Im trying to combine a couple transforms together using torchvision.transforms.Compose but I get the error:

TypeError: batch must contain tensors, numbers, dicts or lists; found <class ‘torchvision.transforms.Compose’>

At first I wrote the transform as simple functions but after reading here: Writing Custom Datasets, DataLoaders and Transforms — PyTorch Tutorials 2.1.1+cu121 documentation that they have to be callable objects for the Compose to work I rewrote them as callable classes but am still getting the error.
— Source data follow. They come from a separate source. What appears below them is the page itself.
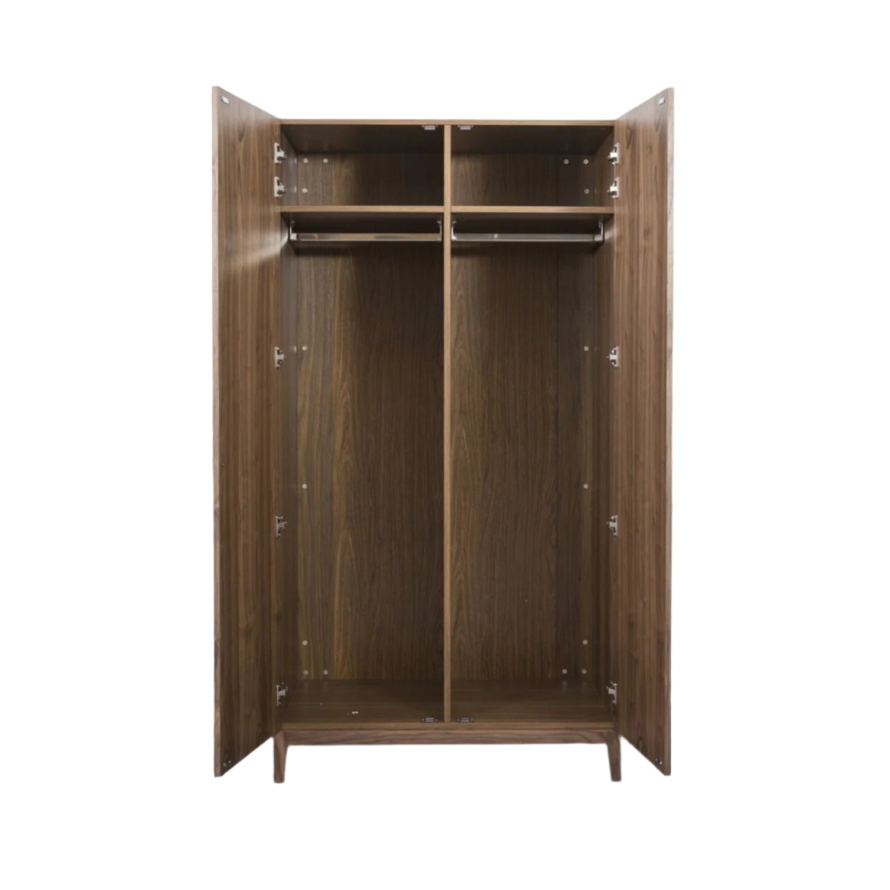 This walnut wardrobe has a rich and luxurious feel, with beautifully tapered legs it comes with the shelf and hanging rail and a centre panel for additional strength.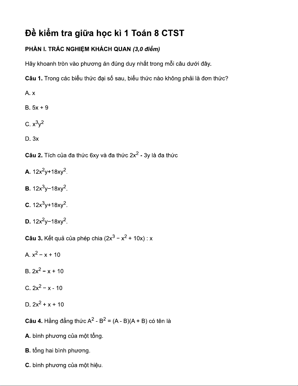 TOÁN 8- CTST – ĐỀ SỐ 1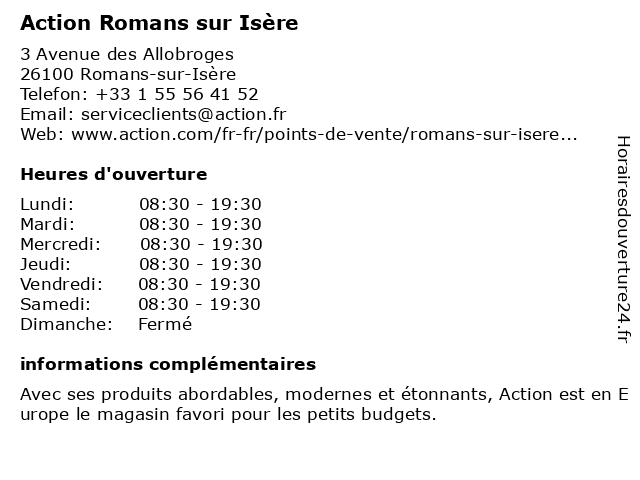 1 Action (Distance: 0,02 km) 3 Avenue des Allobroges, 26100 Romans-sur-Isère action, destockage, discount, décoration, magasin, maison, produits ménagers 2 Centre Communal d'Action Sociale (Distance: 2,27 km) 44 Rue Palestro, 26100 Romans-sur-Isère aides, ccas, centre, communal, d'action, logement, personnes âgées, prévention santé, sociale 3 Action Valence-ZAC Les Couleures Troi (Distance: 16,04 km) ZAC Les Couleures Trois, 26000 Valence action, animaux domestiques, articles de sport, articles ménagers, boissons & alimentation, bricolage, couleures, cuisine, habitat, hobby, hygiène & beauté, jardin, jouets, les, mode, multimédia, papeterie & bureau, troi, valence, voyages, zac 4 Action Tain l'Hermitage (Distance: 16,87 km) 235 Avenue des Lots, 26600 Tain l'Hermitage action, animaux domestiques, articles de sport, articles ménagers, boissons & alimentation, bricolage, cuisine, habitat, hobby, hygiène & beauté, jardin, jouets, l'hermitage, mode, multimédia, papeterie & bureau, tain, voyages 5 Agence Action Logement BOURG-LES-VALENCES (Distance: 18,79 km) 12 Avenue Marc Urtin, 26500 Bourg-lès-Valence action, agence, bourg, les, logement, valences 6 Centre Communal d'Action Sociale - CCAS (Distance: 19,10 km) 7 Avenue de Verdun, 26000 Valence action, ccas, centre, communal, d'action, sociale |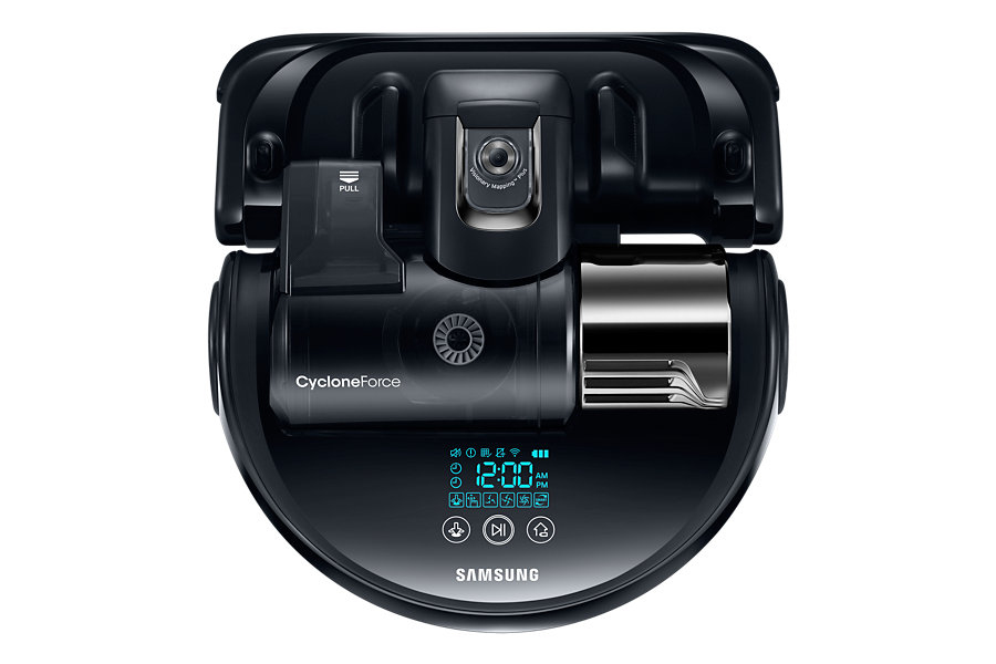 Samsung POWERbot VR9000. Dust container type: Bagless, Dust capacity (total): 0.7 L, Colour of product: Black. Noise level: 78 dB, Cleaning speed: 320 mm/sec, Vacuum cleaner programs: Auto, Manual, Max, Spot, Turbo. Battery technology: Lithium-Ion (Li-Ion), Battery voltage: 21.6 V, Charging time: 2.6 h. Height: 135 mm, Width: 378 mm, Depth: 362 mm. Package width: 475 mm, Package depth: 526 mm, Package height: 188 mm

This is my line for Compose:

normalize = Normalize(mean, std)
random_flip = RandomFlip(random_state)
rotate_90 = RandomRotate90(num_rotate)
to_tensor = ToTensor(expand_dims=True, dtype=self.label_dtype)

img_transform = Compose([normalize(img),
                                 random_flip(img),
                                 rotate_90(img),
                                 to_tensor(img)
                                 ])

And here is Normalize

class Normalize:

    def __init__(self, mean, std, eps=1e-4):
        self.mean = mean
        self.std = std
        self.eps = eps

    def __call__(self, m):
        return (m - self.mean) / (self.std + self.eps)

Why is it not returning the images after transformations applied, rather than the Compose class?

Thanks

Could you try to pass just the classes without calling them, e.g. normalize instead of normalize(img).
Also, normalization should come after the ToTensor transformation.

To be honest I dont think I am using this the right way. Are you suggesting that I do the following:

img_transform = Compose([Normalize(mean, std),
                                 RandomFlip(random_state),
                                 RandomRotate90(num_rotate),
                                 ToTensor(expand_dims=True, dtype=self.label_dtype)
                                 ])

Then at what stage would I pass the actual image or sample on which the transformations are to be applied?

Also, normalization should come after the ToTensor transformation.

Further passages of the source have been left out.